Covid and the Future of the Stock Market: Will Another Crash Occur?
The fear of another stock market crash due to the Covid strain is palpable, but can we truly predict such an event?
The Psychology Behind Market Crashes
Market crashes are emotional reactions to underlying weaknesses or events that highlight risks taken for profit. No amount of regulations or circuit breakers can prevent these emotional responses because human creativity is boundless, especially during times of panic. Just as prison guards fail during a riot despite all security measures, these safeguards fail when market confidence is shaken.
The Cynical View: Grim Signs on the Horizon
The GameStop and similar incidents show that the stock market is more a gambling den than an equity market, which undermines investor confidence. Additionally, the real estate market has become incredibly volatile, raising further concerns about market stability.
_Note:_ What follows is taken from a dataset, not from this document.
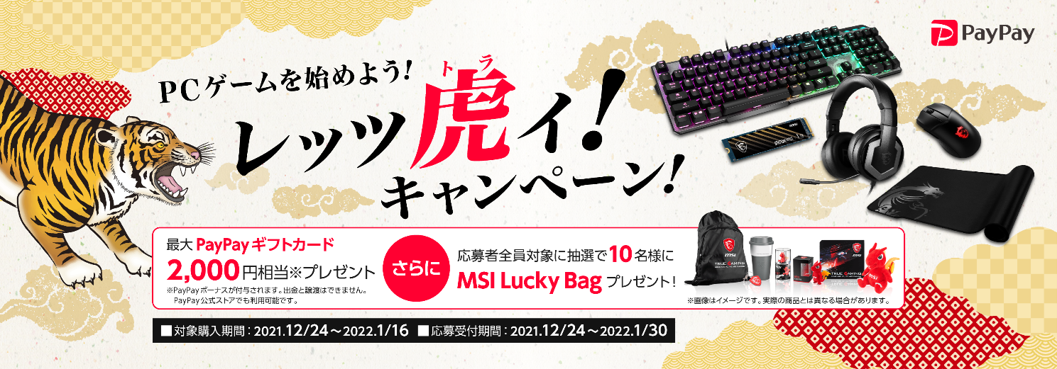 この度、エムエスアイコンピュータージャパン株式会社は、2021年12月24日(金)から2022年1月16日(日)までの期間で、対象の製品をご購入いただいた先着200名様に最大2,000円分のPayPayギフトカードをプレゼントする「PCゲームを始めよう!レッツ虎イ!キャンペーン」を開催いたします。

While the initial triggers for a crash are clear, it is not imminent. Recent trends, such as a significant market correction after a long period of stability, indicate that bulls may continue to drive the market.
The Optimistic Perspective: Market Trends and Investor Sentiment
Despite fears, the market is not likely to crash soon. The immediate catalysts for a crash, such as the impact of the recent Covid strain on global markets, are temporary. As long as the vaccines continue to be effective, the market dynamics will remain favorable.
However, the market is currently overbought and overheated. This overconfidence could lead to a correction or even a crash in the near future. Therefore, it's important to remain cautious and consider investing in lower-priced stocks that offer more margin for error.
Investment Advice for Beginners
Divest from high-valued stocks: As a newcomer, it's wise to stick to stocks priced around 40 or less. This strategy helps mitigate the risks associated with volatile markets. Monitor FII data: Foreign institutional investors (FIIs) are continuously pumping money into the market. A significant outflow can signal a correction, but continuous inflows suggest a robust market. Avoid panic during corrections: Market corrections are a natural part of the investment cycle. Learning to weather these corrections builds confidence and resilience.Conclusion
While the possibility of another market crash is real, it's important to approach investment with a balanced and informed perspective. Keep track of market signals and trends to make smart, reasoned decisions.